As the story progresses, more of the residents’ suffering is revealed, but while there are plenty of secrets, Jufresa is in no hurry to reveal them all.  For example, there’s the mystery of Pina’s mother’s departure, somehow linked to an argument between Marina and Linda, Ana’s mother.  There’s also a growing connection between the residents of the Mews, with Alf and Linda catching up secretly at a bar for daytime drinks, and Marina meeting up with Pina’s mother, Chela, one rainy night.

One of the major themes running through Umami is grief, and how we deal with it.  The death of poor Luz leaves an enormous hole in her family’s life, but in truth it’s in the sections narrated by Alf, mourning the death of his wife Noelia, that the topic is examined in most detail:

Nobody warns you about this, but the dead, or at least some of them, take customs, decades, whole neighborhoods with them.  Things you thought you shared but which turned out to be theirs.  When death does you part, it’s also the end of what’s mine is yours.
pp.34/5 (Oneworld Publications, 2016)

Without his work to distract him, he decides to work his way through his trauma with the help of his new laptop, using the text that develops as a means to express views he’s kept inside for decades.

Jufresa also uses her novel to explore what it means to be a family.  One of the major decisions in Alf’s life was not having children, and now that he’s left alone, he wonders if it was the right one.  Ana’s large family appears to be happy in its own chaotic way, yet with a girl-sized gap in its midst, all are aware that life can’t go on as normal.  Meanwhile, Pina is still pining for her mother, wondering why she left and hoping for her return.  However, what they all slowly come to realise is that the five houses of the Mews have brought the residents closer together, and that you don’t necessarily need to be related by blood to be part of a family.

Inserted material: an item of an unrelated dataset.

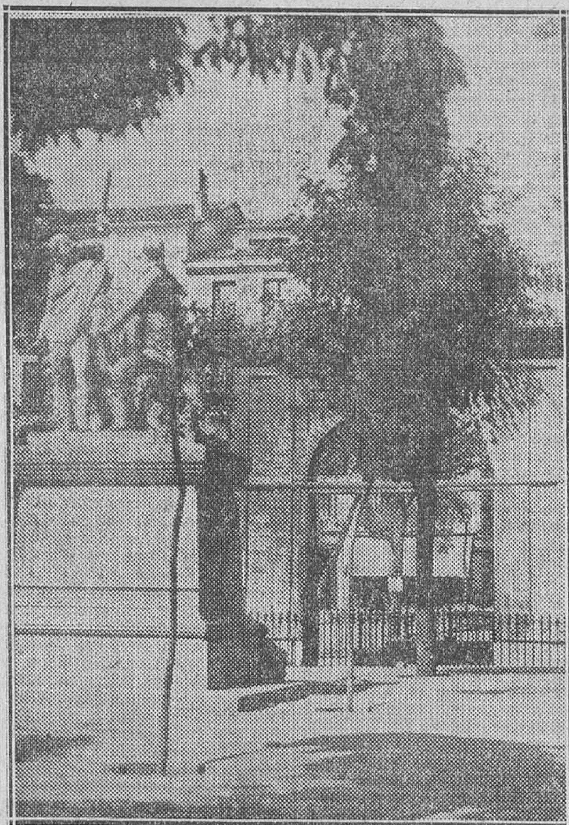
El grupo escultórico de Daoiz y Velarde, que ha sido trasladado de los jardines de la Moncloa a la plaza del Dos de Mayo, lugar más adecuado para perpetuar la memoria de los dos héroes de la Independencia

While not quite as foregrounded as the other themes, the city where Umami takes place is also an important part of the story.  The Mews acts as a microcosm of Mexico City, with the residents often getting caught up in their own lives, unaware of the clouds hovering above them – just like the city itself:

Mexico City sits waiting under the scum.  Mexico City lives under the scum.  Sometimes a few towers or roofs might poke out from under it, but in general, when day is barely dawning, the scum is sealed: like something you could bounce up and down on.  But the scum does let you in.  It swallows you and makes sure you forget all about it.  This is its chief characteristic: as soon as you enter the scum, you stop seeing it. (p.218)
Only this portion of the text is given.